2. The igniter of claim 1, wherein the at least one charge pump
capacitor comprises a plurality of charge pump capacitors each of
which are charged to a multiple of the input voltage.
3. The igniter of claim 2, wherein the plurality of charge-pump
capacitors are charged substantially equally to a multiple of the
input voltage.
4. The igniter of claim 3, wherein the multiple of the input
voltage comprises substantially twice the input voltage.
5. An igniter for a lamp, comprising: a voltage multiplier that
multiplies an input voltage to provide a trigger voltage comprising
at least one charge-pump capacitor and a storage capacitor and a
diode across the at least one charge-pump capacitor to prevent the
voltage across the at least one charge-pump capacitor from going
negative; a pulse generator that is responsive to the trigger
voltage for generating a pulse; and a pulse transformer that
transforms the pulse for igniting the lamp.
Description
BACKGROUND OF THE INVENTION
1. Field of the Invention
This invention relates to a ballast and, more particularly, to a
ballast that ignites and powers lamps, such as
high-intensity-discharge (HID) lamps.
2. Description of the Prior Art
HID lamps include the groups of electrical lights commonly known as
mercury vapor, metal halide, high-pressure sodium, and xenon
short-arc lamps.
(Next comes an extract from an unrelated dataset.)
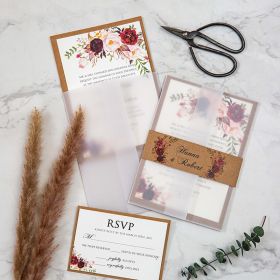 Fall Rustic Floral Vellum Jacket Wedding Invitation With Craft Paper Backer Swpi101
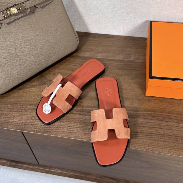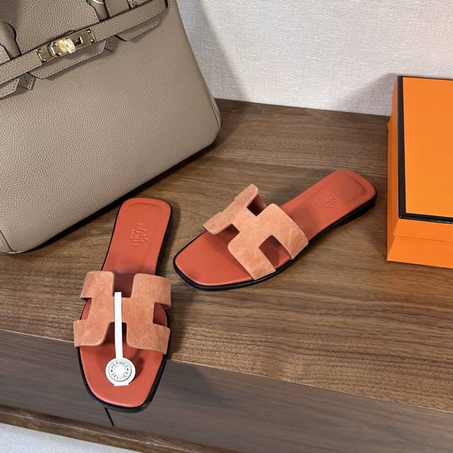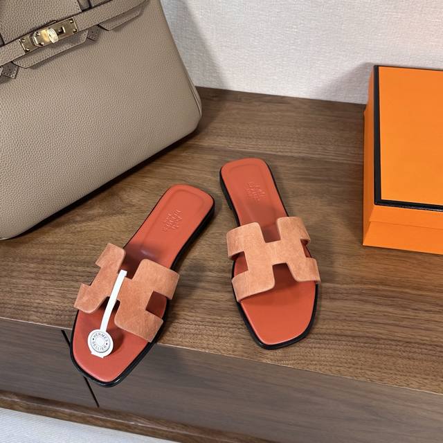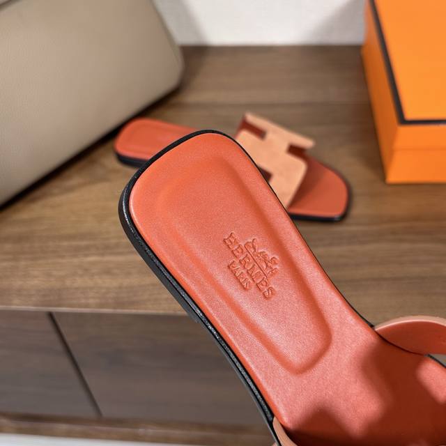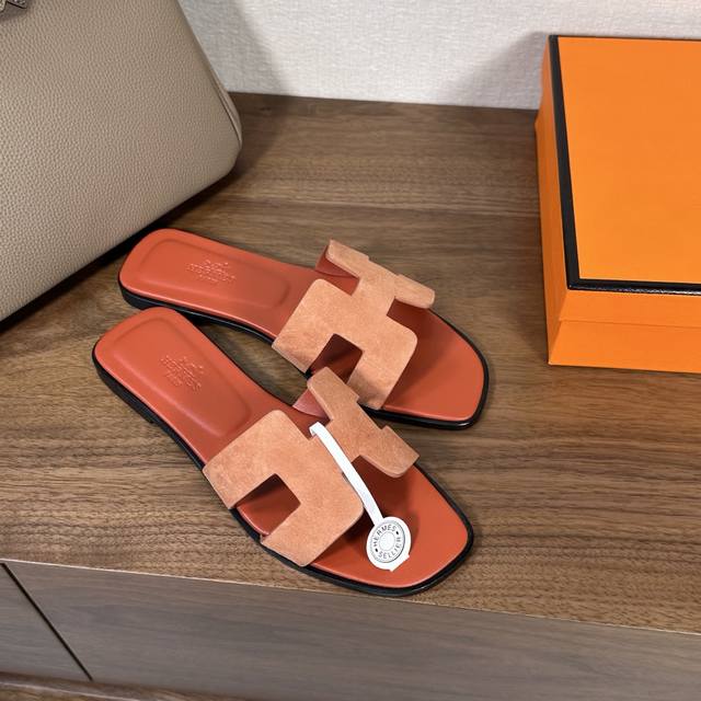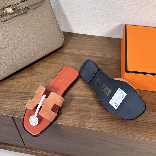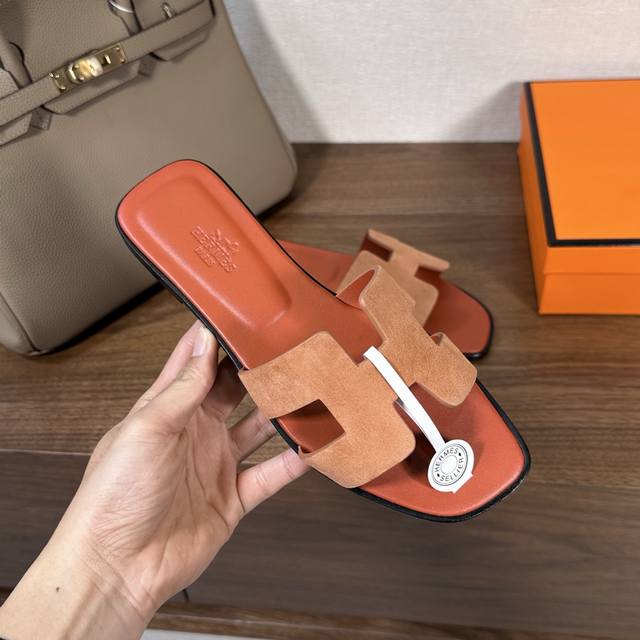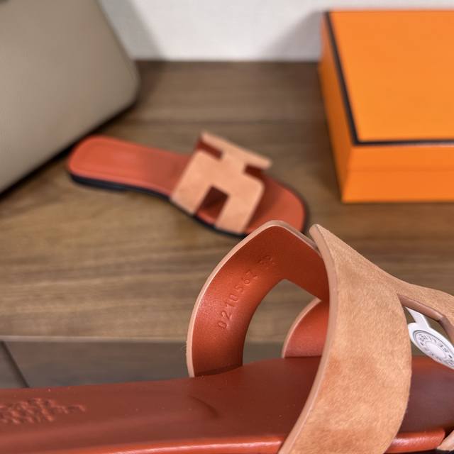 Hermes 爱马仕H拖鞋Oran凉鞋系列 时尚又百搭 超级舒服 每个细节都做到极致 原版麂皮 原版1:1独家私模鞋面 原版真皮沿条大底

Compared to fluorescent and incandescent lamps,
HID lamps produce a large quantity of light in a small package.
HID lamps operate by striking an electrical arc during an ignition
state and remain turned on to provide lighting during a steady
state. The arc is applied across electrodes housed inside a
specially designed inner fused quartz or fused alumina tube filled
with both gas and metals. The gas aids in starting the lamps during
the ignition state. Then, during the steady state, electric power
is applied to metals to produce the light once they are heated to a
point of evaporation. Like fluorescent lamps, HID lamps use a
ballast to ignite and maintain steady state operation.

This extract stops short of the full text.